Trump se describió como “un pacificador y unificador”, pero definió a Estados Unidos, entre otras cosas, como una nación que “expande su territorio”. Insistió en que “recuperará” el canal Panamá, una violación flagrante de su integridad territorial y el derecho internacional. Además, declaró emergencia nacional para militarizar la frontera sur y “devolver a millones y millones de extranjeros criminales a los lugares de donde vinieron”. El extremo en la materia fue la iniciativa para impedir la adopción de ciudadanía por nacimiento a hijos de migrantes indocumentados, algo inscrito en la Constitución.
Los retumbos de una guerra comercial son aún mayores. Amenazó con que, a partir del 1.° de febrero, impondrá aranceles del 25 % a las importaciones de México y su otro vecino y tradicional aliado, Canadá; aumentará los de China “hasta un 100 %” si su gobierno no autoriza vender el 50 % de la aplicación digital TikTok a estadounidenses (ya antes había anunciado posibles incrementos cercanos al 60 %); y aplicará tarifas no especificadas a productos provenientes de la Unión Europea, a menos que sus países adquieran más petróleo estadounidense. Todo esto se añade a una orden general para examinar las relaciones comerciales y definir otras posibles medidas punitivas contra sus socios.
Con total desdén por el calentamiento global, la poco dinámica demanda mundial de hidrocarburos y sus bajos precios, prometió “perforar, nene, perforar” por más petróleo y gas natural. Además, retiró por segunda vez a Estados Unidos del Acuerdo de París sobre cambio climático, eliminó las medidas de Biden para reducir las emanaciones de gases de efecto invernadero en varias industrias y prometió que clausurará sus programas para estimular las compras de vehículos eléctricos fabricados en el país y expandir las energías limpias.
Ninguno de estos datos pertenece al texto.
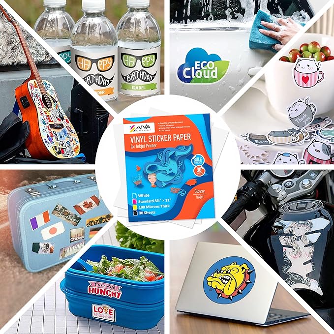 Printable Vinyl Sticker Paper - Waterproof Decal Paper for Inkjet Printer - 30 Self-Adhesive Sheets - Glossy White - Standard Letter Size 8.5"x11"

Se trata de retrocesos no solo ambientales, sino económicos, porque amarrarán aún más a Estados Unidos a añejas tecnologías.
Como si lo anterior fuera poco, ordenó el retiro de la Organización Mundial de la Salud (que requerirá aprobación legislativa); el fin de los programas federales para promover diversidad e inclusión, y proteger la población transgénero; y otorgó privilegios de seguridad a varios nuevos funcionarios sin pasar por la revisión de agencias en la materia.
Muchas de estas medidas no podrán aplicarse con rapidez, o quizá hasta fracasen en los tribunales, pero una gran cantidad entrará en vigor de inmediato, y todas desafiarán aspectos básicos del Estado de derecho y otros pilares democráticos. Asimismo, causarán enormes disrupciones internacionales, comenzando por los aliados, contra los cuales, curiosamente, se dirigen muchas de ellas, y alentarán las pretensiones de dirigentes populistas autoritarios alrededor del mundo.
China y Rusia han de estar aplaudiendo al nuevo presidente. Con sus atrabiliarias decisiones, y otras que quizá vendrán, Trump debilitará lo que aún se mantiene vigente del orden liberal internacional y facilitará el camino para impulsar los intereses de ambas potencias rivales. Sobran razones para la preocupación ante la edad que se perfila.